I am so at my wit’s end. All those supposed “sleep solutions” do not work. All those times people say, “oh, don’t worry, he’ll go back to his old routine in no time,” well, it’s not true. All of the “normal sleep habits of a x month old” do not apply to Jack. He is his own man.
I understand that in the world of breastfeeding, sleeping through the night is not desirable. But my situation seems a bit unique. You see, he slept through the night till he was 5 months old – of his own accord. No sleep training. No ignoring his hunger cues. He just slept. For the last 6 months, I’ve been in this insane sleepless stupor. Occasionally, he decides to sleep really well for a few nights. I begin to praise God for seeing me through. And then…the following night, he wakes up at 10, 12, 2, 4, 6, and then is up for the day before 8.
Right now, we seem to be in a bit of a pattern. He wakes up any time between 2-4, and then again around 6 (sometimes later) and I’m lucky if he sleeps for a little while after that. Of course, that’s not so bad. But last night, I was talking to Allie, and her 11 week old is sleeping almost identically to Jack. I’m feeling very discouraged!

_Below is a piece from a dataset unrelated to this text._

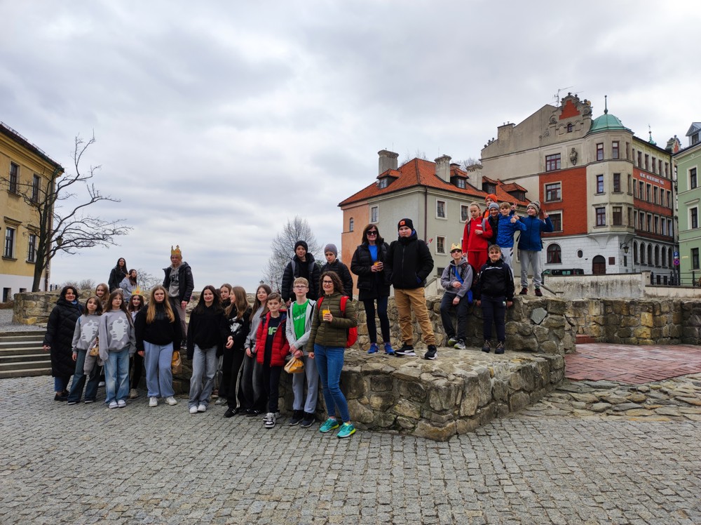 18. marca klasy 4, 5 oraz kilkoro uczniów z klasy 6 uczestniczyło w wyjeździe zorganizowanym z okazji Dnia Kobiet. Nasz pobyt w Lublinie rozpoczęliśmy od lekcji muzealnej w Muzeum Narodowym na Zamku Lubelskim, gdzie pani przewodnik oprowadziła nas po kilku wystawach stałych. Nasze zwiedzanie rozpoczęliśmy od makiety zamku. Początki Zamku sięgają XII w., następnie został on rozbudowany przez króla Kazimierza Wielkiego w XIV w., ale nie przetrwał w tej formie do naszych czasów z powodu konfliktów zbrojnych i pożaru. Uczniowie poznali też smutną odsłonę historii Zamku, który pełnił funkcję więzienia carskiego, hitlerowskiego i komunistycznego w latach trudnej historii naszego kraju. Najstarszą zachowaną budowlą z oryginalnego założenia jest okrągła wieża z XII w. – donżon z tarasem widokowym, którego nie udało nam się odwiedzić z powodu niskiej temperatury i przenikliwego wiatru. Następnie przeszliśmy przez galerię portretów sarmackich z czasów, gdy w Lublinie siedzibę miał Trybunał Koronny.

I’m done trying to make a difference. He wakes up, nurses, and goes back to sleep. But, for some reason my letdown takes forever at night, so we end up nursing for a really long time. I’d lay down and have him nurse while I sleep, but the older he gets, the worse he sleeps when he’s in our bed. So, I have to sit up each time he wakes up. I am beginning to feel like I did when he was a newborn.
I always wanted him to wean himself from nighttime feedings. Now, the idea of nighttime weaning him sounds attractive to me. At least that way Ryan could help. At this point, if Ryan tries to help him go back to sleep, all Jack does is scream until I come to the rescue.

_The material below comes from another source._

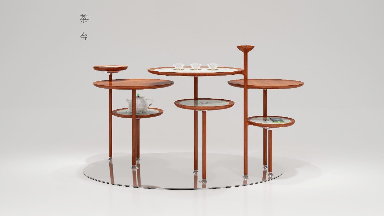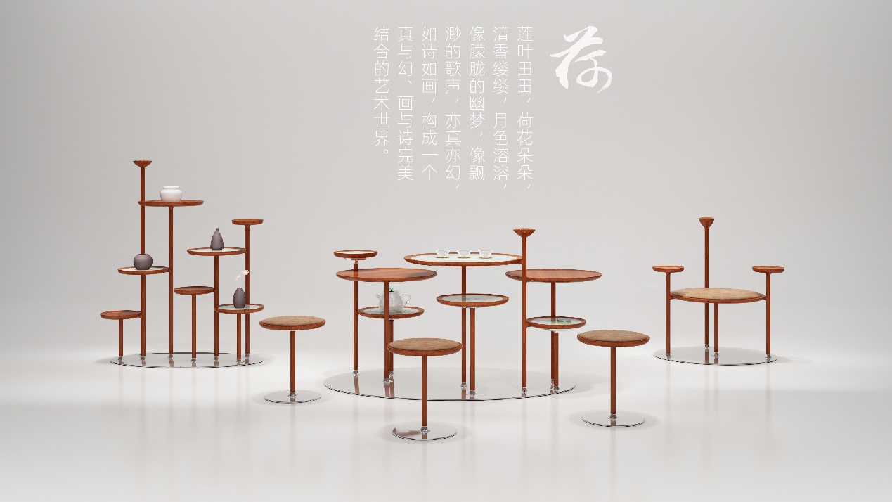 作品说明:作品“荷”灵感来源于朱自清的《荷塘月色》中描述的:莲叶田田,荷花朵朵,清香缕缕,月色溶溶,像朦胧的幽梦,像飘渺的歌声,亦真亦幻,如诗如画,构成一个真与幻、画与诗完美结合的艺术世界;以荷为原型打破传统家具固有的形态,荷叶高低错落体现作品的灵动与美感,精简于形、秀气雅致、灵性四溢,设计与艺术相结合。使用材料为原木、真皮、金属、岩板并巧妙地融入了电磁炉和手机无线快充,多种材质的搭配碰撞让空间效果更富延展性。运用现代的材质及工艺引领时尚前沿,去演绎传统中国文化的经典精髓。

Is my desperation obvious!? I’m so tired. Every morning I wake up exhausted. Naps really inhibit my nighttime sleep. Ryan has been going to work early a lot which means I usually don’t get a chance to sleep unless it’s Saturday morning. I’m living for Saturdays right now. I feel so ridiculous. I am hoping and hoping that after he turns 1, Jack will suddenly stop waking up because he’s a toddler now. But who am I kidding? He really is his own man – he won’t abide by “shoulds,” no way!
That’s just a little glimpse into my sleepy heart. Pray for me.